> _Exercise details_
Take the whole listing and reproduce it exactly, pictures excepted.

> _Data shown_
= = =

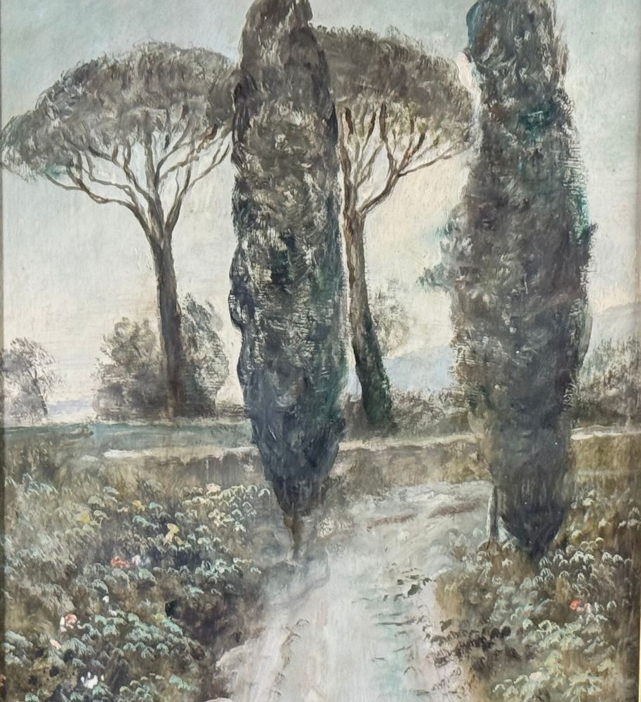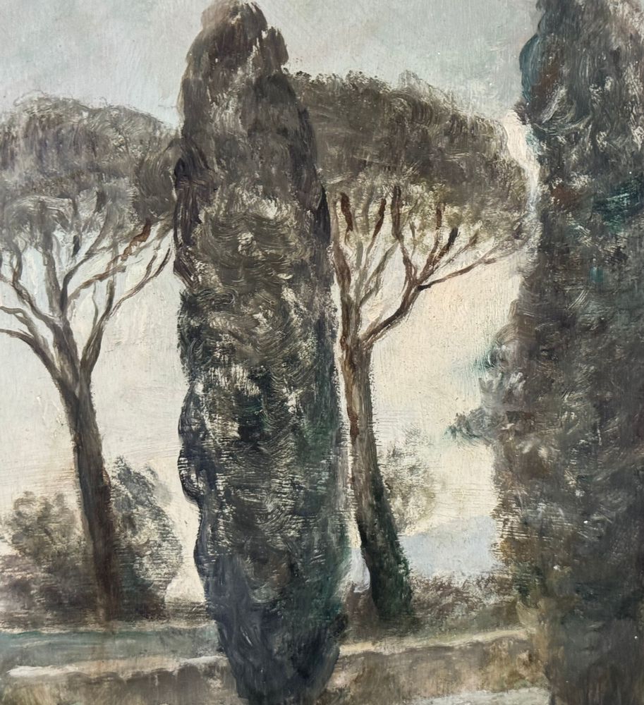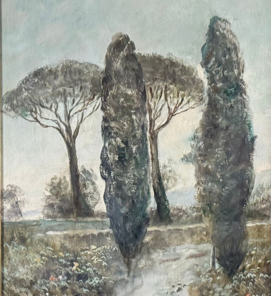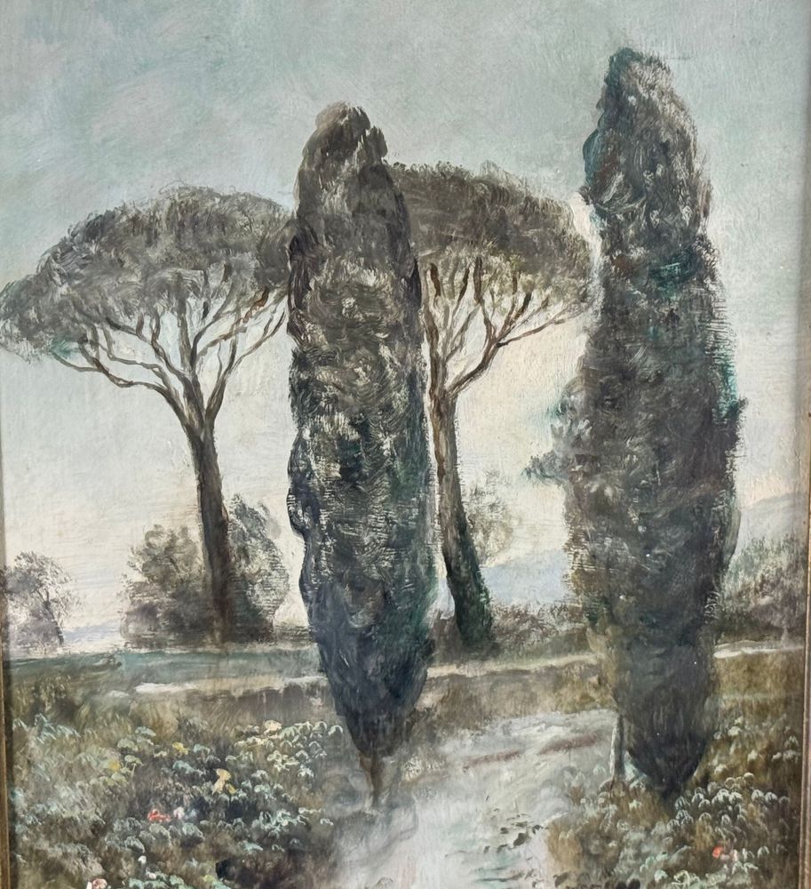 Dipinto olio su tavola, periodo XX secolo, scuola Italiana, raffigurante Paesaggio alberato. Dimensioni compreso cornice: 35x49 cm. Dimensioni interno cornice: 25x40 cm. Firmato in basso a destra di difficle lettura. Opera in buone condizioni.
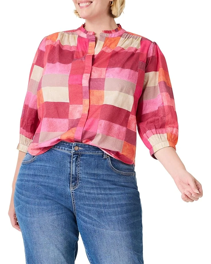 - Refresh your wardrobe choosing the NIC+ZOE™ Plus Sunset Plaid Cotton Girlfriend Shirt! Crafted with a stand collar, three-quarter-length sleeves with elasticized cuffs, and a buttoned front closure, this shirt is perfect for any occasion. The seasonless print, inspired by ocean sunsets, adds a dash of warm-weather flair to your look. It has shirring detail on the collar and back of the shirt.
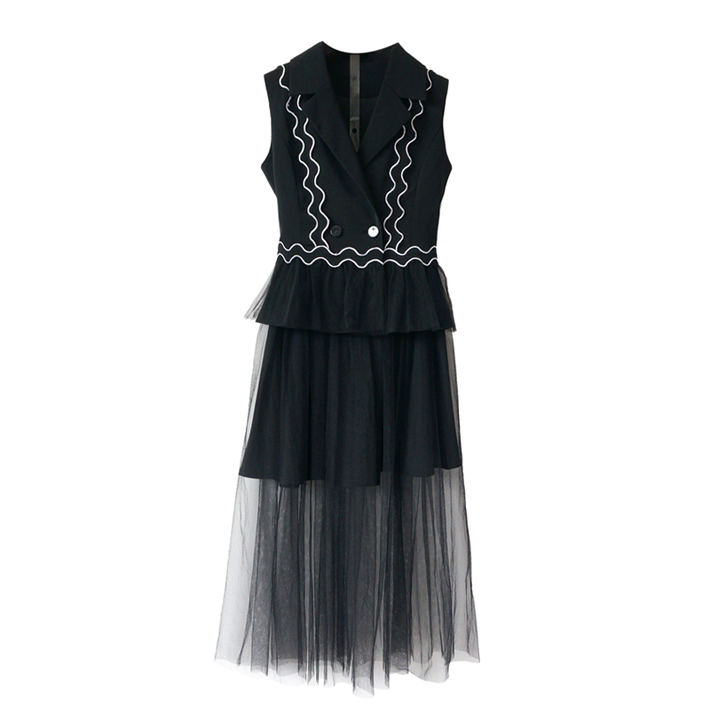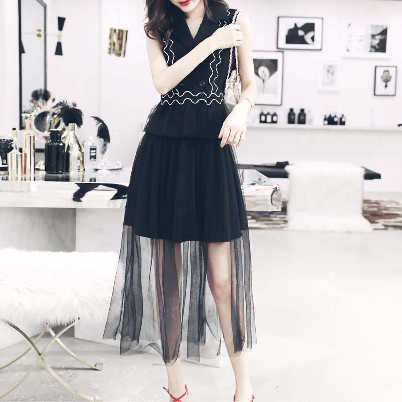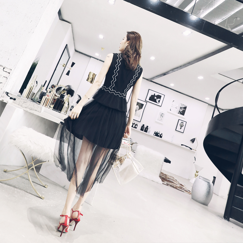 / S秀時尚氣質顯瘦兩件套女裝2018夏季新款拼色上衣網紗半身裙套裝
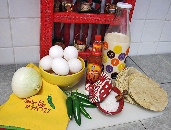 In March 2013, we prepared chilaquiles con huevo (chilaquiles with egg), a simple, home-style breakfast classic much eaten at Mexico Cooks!' house. Whether you want a filling breakfast or a simple comida (midday meal), these few ingredients make a tasty and popular combination.

= = =

> _Written response_
 Dipinto olio su tavola, periodo XX secolo, scuola Italiana, raffigurante Paesaggio alberato. Dimensioni compreso cornice: 35x49 cm. Dimensioni interno cornice: 25x40 cm. Firmato in basso a destra di difficle lettura. Opera in buone condizioni.
 - Refresh your wardrobe choosing the NIC+ZOE™ Plus Sunset Plaid Cotton Girlfriend Shirt! Crafted with a stand collar, three-quarter-length sleeves with elasticized cuffs, and a buttoned front closure, this shirt is perfect for any occasion. The seasonless print, inspired by ocean sunsets, adds a dash of warm-weather flair to your look. It has shirring detail on the collar and back of the shirt.
 / S秀時尚氣質顯瘦兩件套女裝2018夏季新款拼色上衣網紗半身裙套裝
 In March 2013, we prepared chilaquiles con huevo (chilaquiles with egg), a simple, home-style breakfast classic much eaten at Mexico Cooks!' house. Whether you want a filling breakfast or a simple comida (midday meal), these few ingredients make a tasty and popular combination.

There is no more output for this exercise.